> Exercise: No pictures, please. Output the lines from the start of the data through the line that contains "The main reception", both included, exactly as they stand.
======== Given data
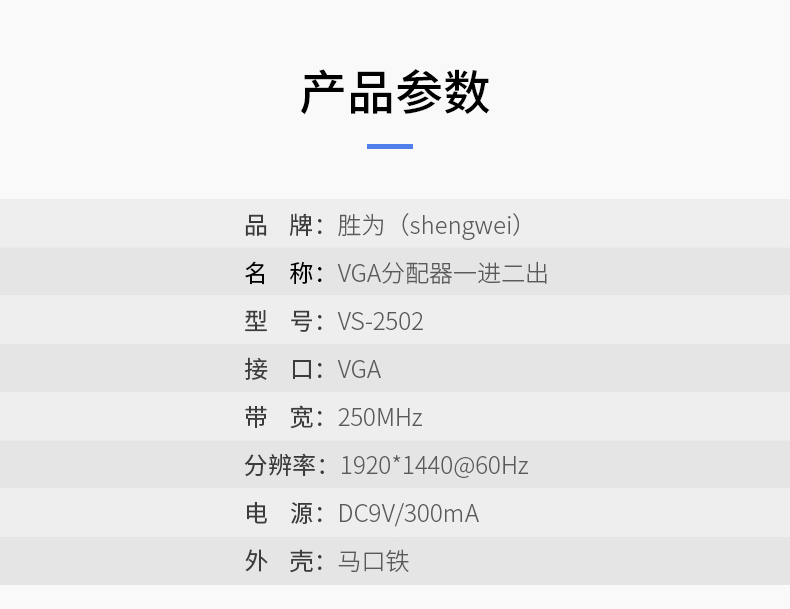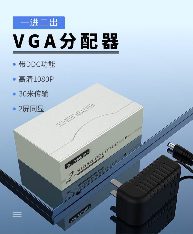 勝為1進(jìn)2出VGA分配器 VGA一分二分配器一進(jìn)二出筆記本電腦投影儀顯示器分屏器?VS-2502
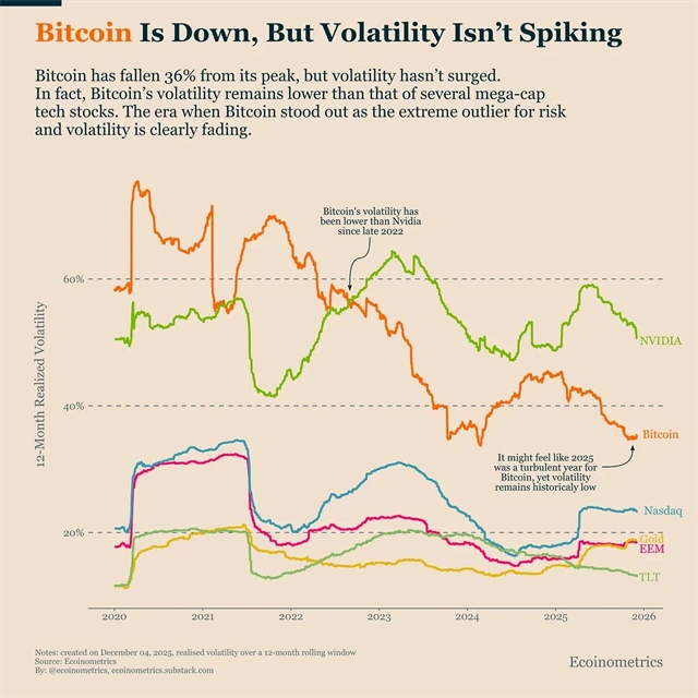 Rok 2025 byl pro bitcoin plný výkyvů. Přinesl nová cenová maxima i výrazné propady a trh neustále přepínal mezi risk-on a risk-off režimem. Přesto volatilita ceny bitcoinu po celý rok klesala a ani při poslední korekci výrazně nevzrostla. Od konce roku 2022 je bitcoin dokonce méně volatilní než některé mega caps, třeba NVIDIA.
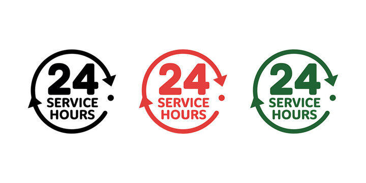 Set of 24 Service Hours icons in black, red, and green for round-the-clock customer support
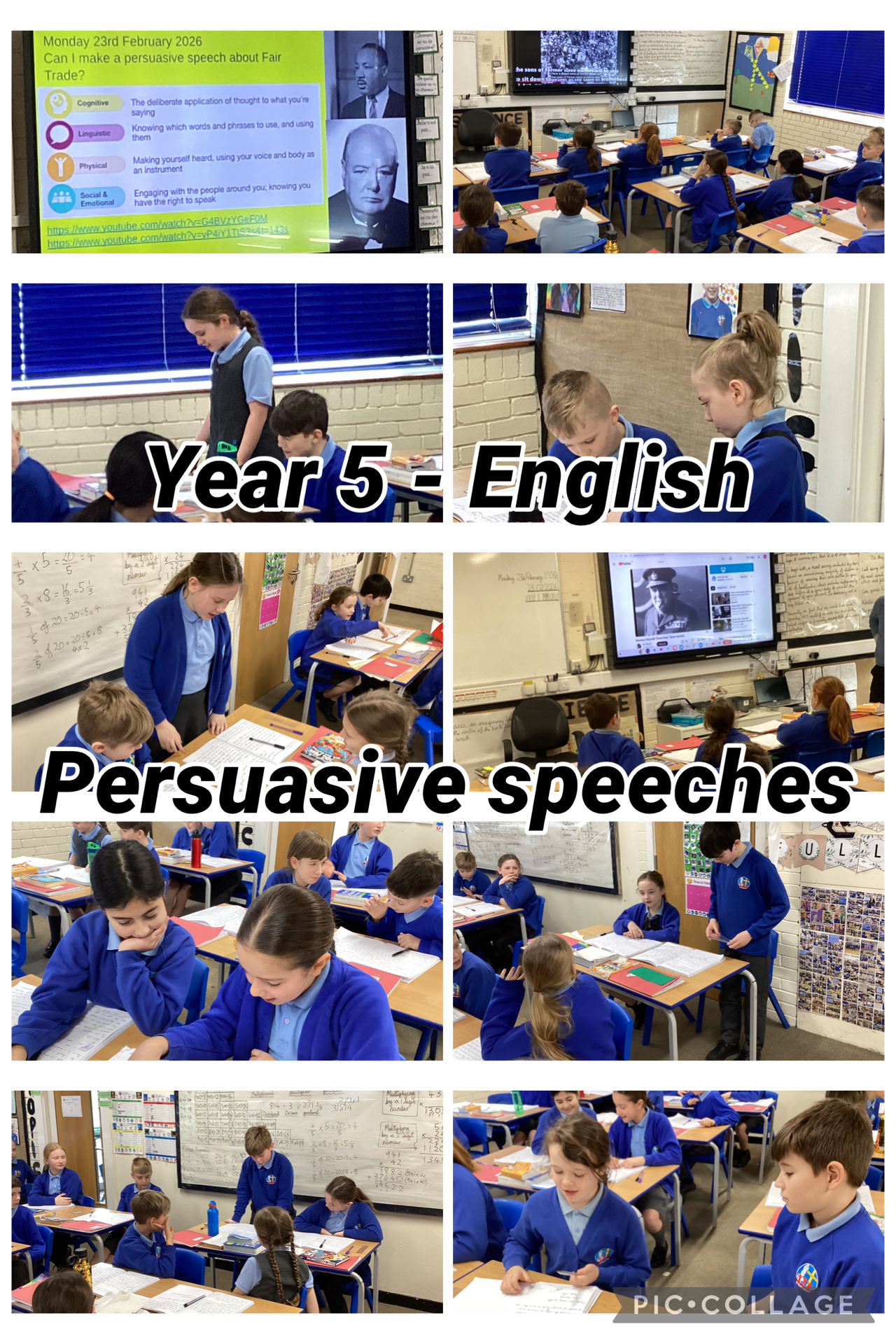 Having completed our persuasive letters promoting Fair Trade products, the children had the opportunity to read their letters out loud. The aim was to be as persuasive as possible, using techniques learned from famous speeches of Winston Churchill and Martin Luther King. The children considered how language choice, repetition, pauses, volume and body language can engage an audience and convince people of your argument.
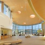 The main reception space serves as a bridge between the campus and San Rafael, the seat of Marin County. Entrances are set into glass walls on either end of the space. Clerestory windows and porthole skylights-in a ceiling clad with Ceilings Plus metal perforated tiles in a wood finish-introduce even more daylight.
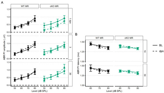 To illustrate recovery dynamics from the 100 dB SPL 8–16 kHz octave band noise exposure, we examined the response properties at 22.6 kHz further (Figure 3C). The 22.6 kHz region shows the highest 1 dpn temporary threshold shift and the most dramatic recovery by 30 dpn. Mouse auditory function at 22.6 kHz is relatively sensitive and the half-octave shift phenomenon defines the 22.6 kHz frequency region as the most vulnerable to the 8–16 kHz noise band [49]. Recovery dynamics were virtually identical between control (no tamoxifen) and cKO mice for the first 3 days. Temporary threshold shifts maximally recovered within the first 3 dpn, indicated by the plateau of threshold shift from 5 to 30 dpn. In the MR cKO mice, recovery continued beyond 3 dpn, hitting the baseline value at 5 dpn (control (no tamoxifen) mice never recovered to baseline), remained at approximately the same recovery level through 7 dpn, then underwent an apparent second phase of “enhanced recovery” between 7 and 10 dpn and again further improving between 10 and 30 dpn, hitting a re-established threshold of 10 dB SPL better (more sensitive) than baseline. No plateau was recorded for recovery of the MR cKO 22.6 kHz ABR threshold because the experiment was terminated at 30 dpn. While these data indicated a strong trend for a differential recovery of ABR thresholds between groups, strict statistical significance was not attained. There were no classical outlier data points that could force the data away from statistical significance and variance was similar between groups. The 2f1–f2 distortion product otoacoustic emission with f2 = 22.6 kHz was not statistically different between control (no tamoxifen) and cKO MR mice at baseline or at either 1 dpn or 30 dpn (Figure 3D) as would be expected for the relatively mild noise exposure. Because the 22.6 kHz frequency region is vulnerable to 8–16 kHz noise band, we analyzed this frequency more extensively to assess noise-induced effects. We explored the ABR P1 amplitude and latency to further assess whether MR plays a role in modulating afferent activity following noise exposure.
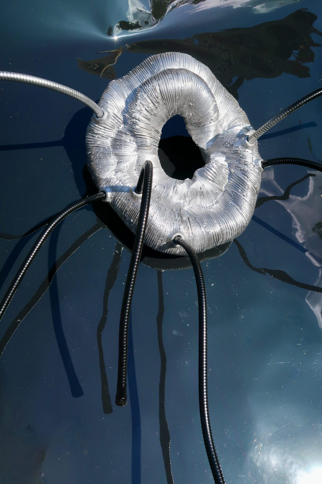Wanneer je een koptelefoon opzet, ontvouwt zich een tweede laag: een muzikale compositie die de tikken opneemt in een wonderlijk geluidslandschap. Wat eerst willekeurig leek, krijgt ineens betekenis: alsof je opeens de taal van het wezen verstaat. Hexapus onderzoekt hoe we communiceren, speelt met de grens tussen organisch en mechanisch en roept een vervreemdend, bijna post-apocalyptisch gevoel op.
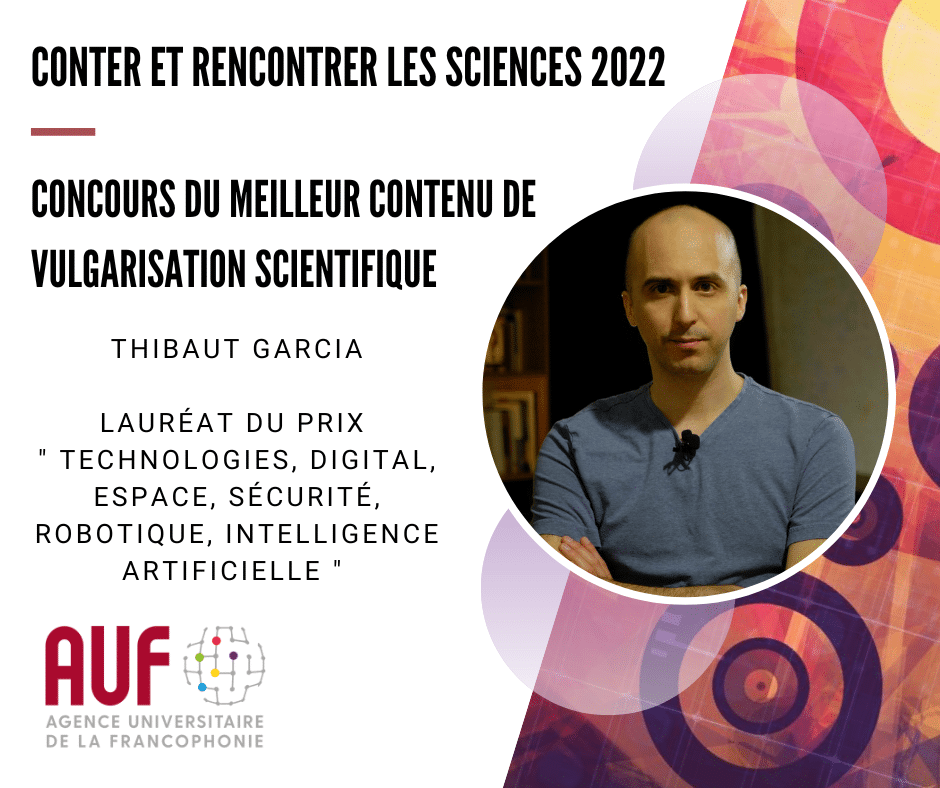 Thibaut Giraud est titulaire d’un doctorat en philosophie à l’Institut Jean Nicod (EHESS). Professeur de philosophie en lycée pendant quelques années, il a ensuite décidé de créer sa chaîne YouTube de vulgarisation philosophique “Monsieur Phi” et se consacre depuis quelques années à temps plein à la vulgarisation. Il a remporté en septembre le Prix du meilleur contenu scientifique dans la catégorie ” Technologies, digital, espace, sécurité, robotique, intelligence artificielle ” du Concours Conter et rencontrer les sciences 2022.
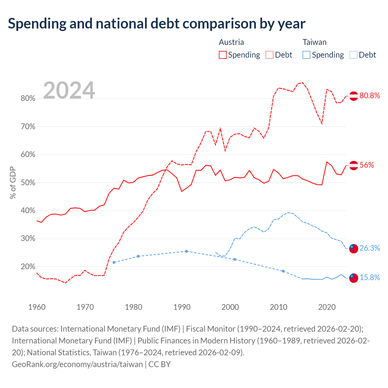 Austria has $432B in government debt (80.8% of GDP), compared to $211B (26.3% of GDP) in Taiwan.
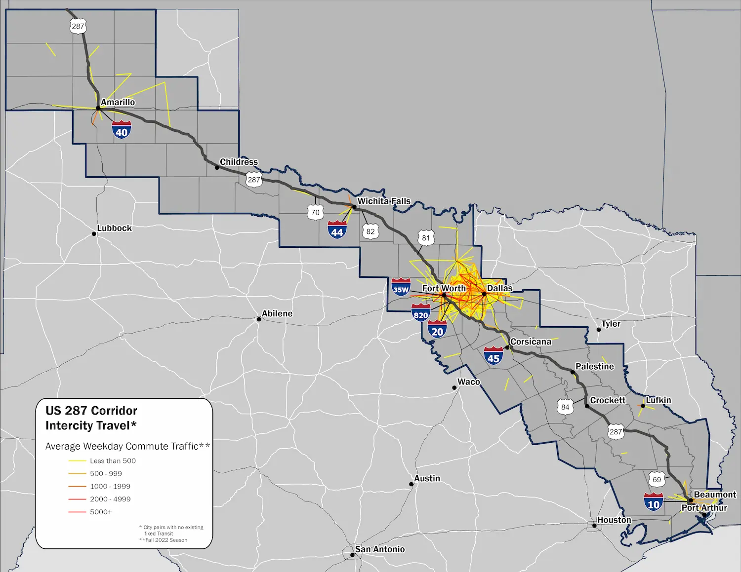 OTHON completed a comprehensive feasibility study of the 754-mile US 287 corridor, spanning 43 counties and nine TxDOT districts from Port Arthur to the Texas/Oklahoma state line. The study focused on evaluating multimodal needs—including freight, transit, and bicycle/pedestrian access—along one of Texas’s most critical freight and mobility corridors.
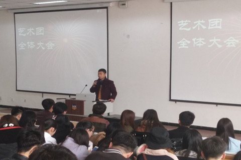 3月16日上午,我院大学生艺术团全体成员在D2教室隆重召开新学期全体大会。指导老师史良参加了此次大会,他在会上向全体人员致以新年问候,详细询问春节生活,了解各个队新学期训练情况,指出训练不足,对汇报演出说出自己想法,列举新学期将要举行的重大演出任务,对艺术团奖惩制度进一步强调,并对新学期的相关任务提出具体希望和要求,鼓励大家以饱满的热情投入新的训练当中。
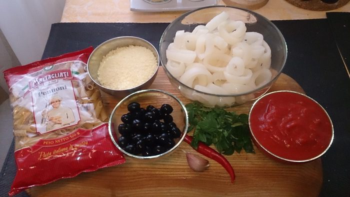 Ну вот и ее величество паста! Это блюдо хочется кушать всегда и везде, это классика итальянской кухни! Вот и я тоже очень люблю сочетание густого томатного соуса с чесноком, базиликом, маслинами и жареными кальмарами. Поэтому хочу поделится с вами этим вкусным рецептом. Приступим!
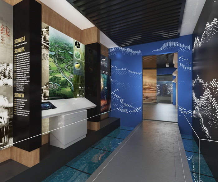 该项目位于铜梁区新城核心区内,东临金龙大道,南临迎宾路,西临亚龙路,北临香滨路,规划展览馆装饰及布展面积约2500平方米。鉴于铜梁区良好的地理位置、城市风貌和人文历史,设计方案时着重立足于铜梁区的历史文化生态环境,围绕生态、城市的理念,提出“魅力铜梁、璀璨龙城”的设计主题。立足现在,着眼未来,将铜梁区的历史文化、建设成就、生态人居和未来城市融入到设计的空间格局,实现了空间、生态、文化的共生,展望了“筑梦渝西,铜梁追梦”的美好未来,让人们能够身临其境的体验综合智慧城市的运行管理和应用。
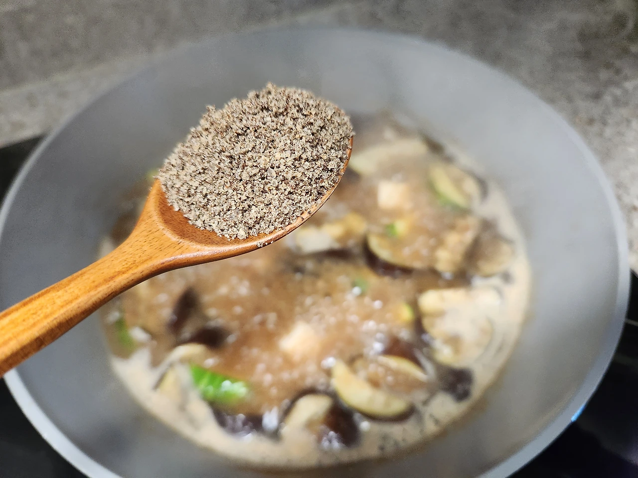 7. 들깨가루 3T를 넣고 잘 저어준 뒤 불을 끈다.
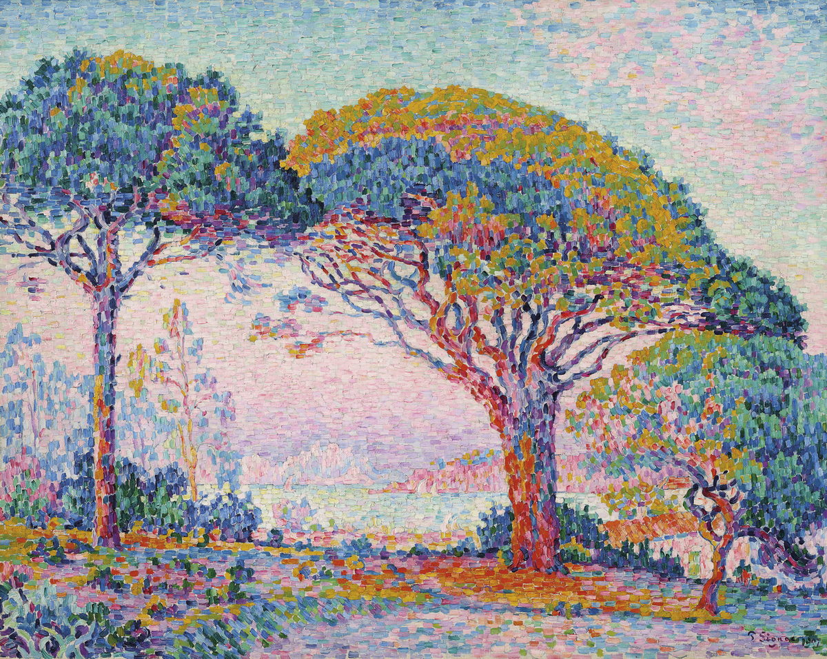 Colorful reproduction of umbrella pines in Saint-Tropez by Paul Signac.
================
> Written reply:
 勝為1進(jìn)2出VGA分配器 VGA一分二分配器一進(jìn)二出筆記本電腦投影儀顯示器分屏器?VS-2502
 Rok 2025 byl pro bitcoin plný výkyvů. Přinesl nová cenová maxima i výrazné propady a trh neustále přepínal mezi risk-on a risk-off režimem. Přesto volatilita ceny bitcoinu po celý rok klesala a ani při poslední korekci výrazně nevzrostla. Od konce roku 2022 je bitcoin dokonce méně volatilní než některé mega caps, třeba NVIDIA.
 Set of 24 Service Hours icons in black, red, and green for round-the-clock customer support
 Having completed our persuasive letters promoting Fair Trade products, the children had the opportunity to read their letters out loud. The aim was to be as persuasive as possible, using techniques learned from famous speeches of Winston Churchill and Martin Luther King. The children considered how language choice, repetition, pauses, volume and body language can engage an audience and convince people of your argument.
 The main reception space serves as a bridge between the campus and San Rafael, the seat of Marin County. Entrances are set into glass walls on either end of the space. Clerestory windows and porthole skylights-in a ceiling clad with Ceilings Plus metal perforated tiles in a wood finish-introduce even more daylight.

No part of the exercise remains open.